Pingyao


[27-08-2000]

The Train Journey:
Ed: Has anyone seen Bladerunner? That is Blade-Runner, and not Bladder Runner, which is a film about an international organ donation courier, and it is the film which has lots of imposing dark buildings with lights and big bits and chinese written on them. Well Beijing Xi Zhan (Beijing West Station) is big, imposing, dark, with lights and some chinese on it, and it inside it exhubes (what? --ed) a sort of eighties stainless steel and neoness that so much of China has. We even thought it had the quality shite tea parlour/luggage room, which some old hag in a stained velour jumpsuit persuaded us was supposed to be the official left luggage room, even though we would have concluded that all Beijing Xi Zhan could afford was a nasty cupboard with the doors held on by twine.

Having succesfully negotiated our way out of the tea room without offending the proprietor, we managed to dump our stuff in the official left luggage area (mortuary stylee) and minced off around a Beijing Cuban Bar for a couple of hours getting pissed. The bar was called Havana, and the only other people in the crazy outside sofa type place was a TV crew and an indo-mexican-glaswegian-chinese rock band. Being discouraged from breathing by the Gloria Estefan music, we succeded in getting the staff to pump out `sensemillia, marijuana' while the interview was being shot. Chinese television promoting the use of Class B illegal substances? No.

After some coffee at the dead posh SwissOtel (which cost as much as a small car) we returned to the station. It was dark, and the station had acquired an evil smelling crowd in our football pitch sized waiting room. And this was only waiting room no.7. Jo explained to me that this was the hard seat crowd, and they were queueing up to get seats as they all had unassigned tickets. Then Jo explained that we would be travelling like this on some parts of the journey. This made me panic a bit, but nothing that a sit down and Fanta couldn't sort out. It is hard to find anywhere that isn't 4 metres away from your nearest Fanta/Sedatives stall.

We managed to get on the train and sort of did a tower of hanoi trick to get our bags snuggled up safely. The train has about 12-14 carriages, with about half sleeper sleeper and half sitty sitty (more about sino-english later). Each sleeper has about 10 compartments with triple bunks on each side of the compartment. I make that about 40,000 people on each train, or something similar.

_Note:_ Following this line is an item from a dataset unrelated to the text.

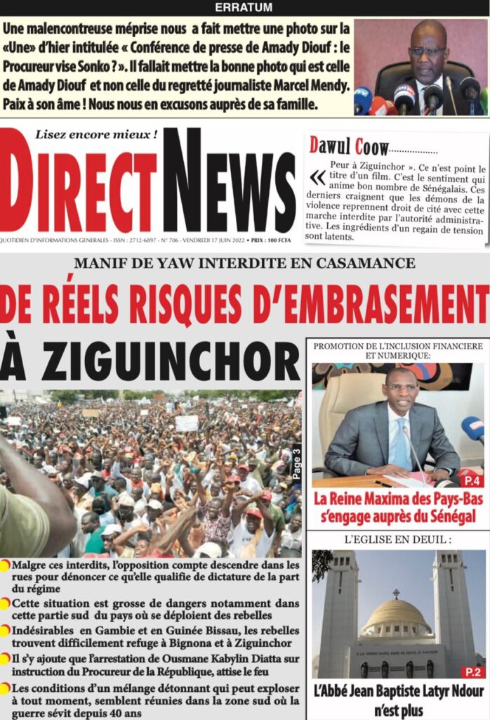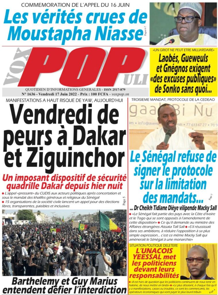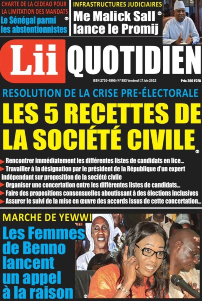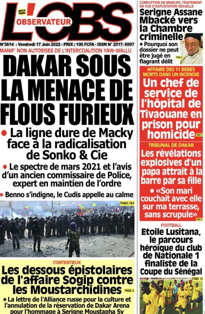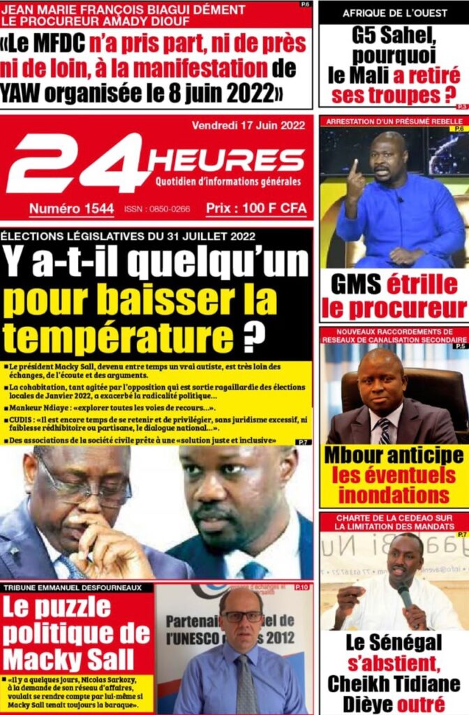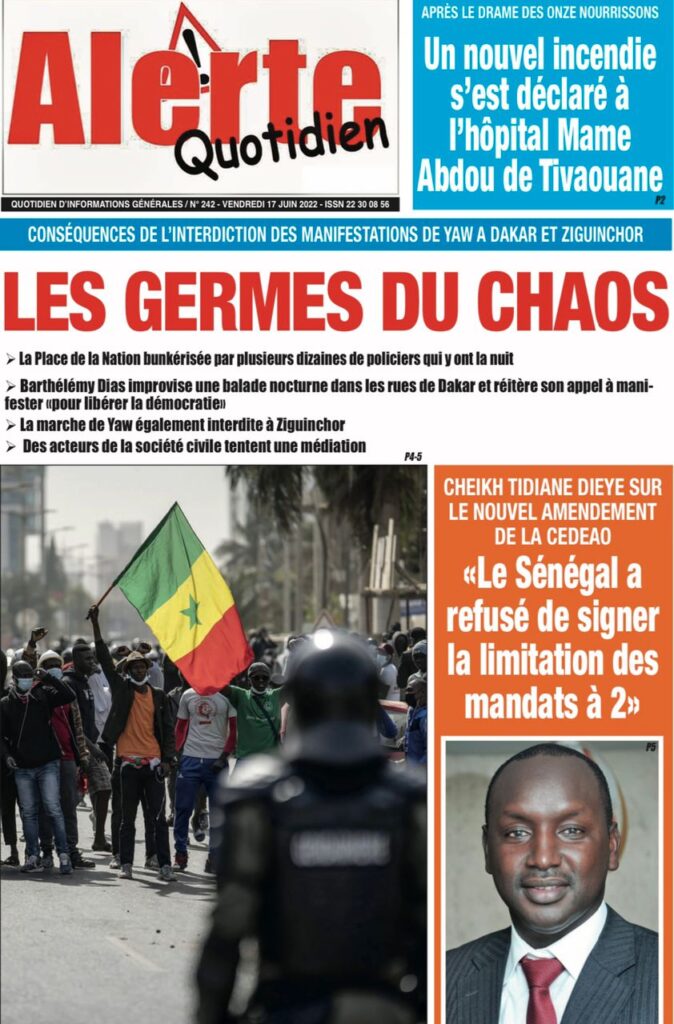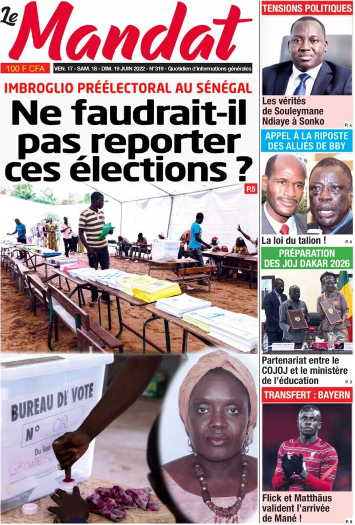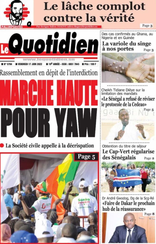 Accueil ›Sénégal ›Une des journaux du vendredi 17 juin 2022Une des journaux du vendredi 17 juin 2022 Publié le 17 Juin 2022, à 08:00 par Abdou Faty GUEYE Une des journaux du vendredi 17 juin 2022Votre avis sera publié et visible par des milliers de lecteurs. Veuillez l’exprimer dans un langage respectueux. Commentaire Nom E-mail (ne sera pas visible) Enregistrer mon nom, mon e-mail et mon site web dans le navigateur pour mon prochain commentaire. Partager Partager Partager 0 Laisser un commentaire Annuler la réponseCommentaireNom E-mail (ne sera pas visible) Enregistrer mon nom, mon e-mail et mon site dans le navigateur pour mon prochain commentaire.

The bed's are naturally hard, and it was exceedingly hot for most of the evening, but having dug myself in with Jo, ready for a grueling 15 hour ride, we were woken up at 0700, 10 hrs after we had left, to be told that our stop was half an hour away. Nice!


Ping Yao
Jo: In Pingyao we very luckily got approached by the owner of the Hotel that we were aiming for. I had written the name down the previous afternoon in Havana, and due to the somewhat bizarre effect that Yanjing beer has on one's mental faculties, had apparently thought it a brilliant idea to try my hand at comedy calligraphy, and could not read a word. So anyway we got to the Paradise Hotel and got a room in a fantastic Qing dynasty building and went out for a wander.

Pingyao, being something of a rural backwater, was well left alone in the Cultural Revolution so is full of Qing and Ming dynasty buildings and was used as the set for the film `Raise the Red Lantern.' Well that's what the Rough Guide says. It is very beautiful with 6kms of wall surrounding the old city. We got up to the top of the wall, and having found a very unbusiness-like bicycle hirer (i.e. she wounldn't haggle) decided to walk around the top. This was fine, although we should have realised that saying to each other "We're going to burn aren't we?" as we left the first watchtower was something of a premonition. Didn't burn too much (thanks to the nearby coal works doing a top job of thickening the atmosphere) but we did walk full square, only to return to the first watchtower on hands and knees, rasping to the drinks vendors for water. As an indication of the impression that this experience made on Ed, the only phrase of more than three words that he can readily remember is "Do you have a fridge?"

Back at the hotel room, with traditional painted ceiling, floor level window looking out through the eaves, futon big enough for four laowai (`wise foreigner') along with traditional air-con and 16in TV, we slept for the rest of the afternoon, and most of the evening, so restful had the previous night on the train been.

Cheeky bit of food, staring at Meekon style local kids and chit-chat with English speaking Chinese version of Lovejoy, we prepared ourselves for 12 hours of sleep (despite being woken up by the honking traffic at 5,6 & 7, the only time when our lovely pedestrianised street allowed traffic).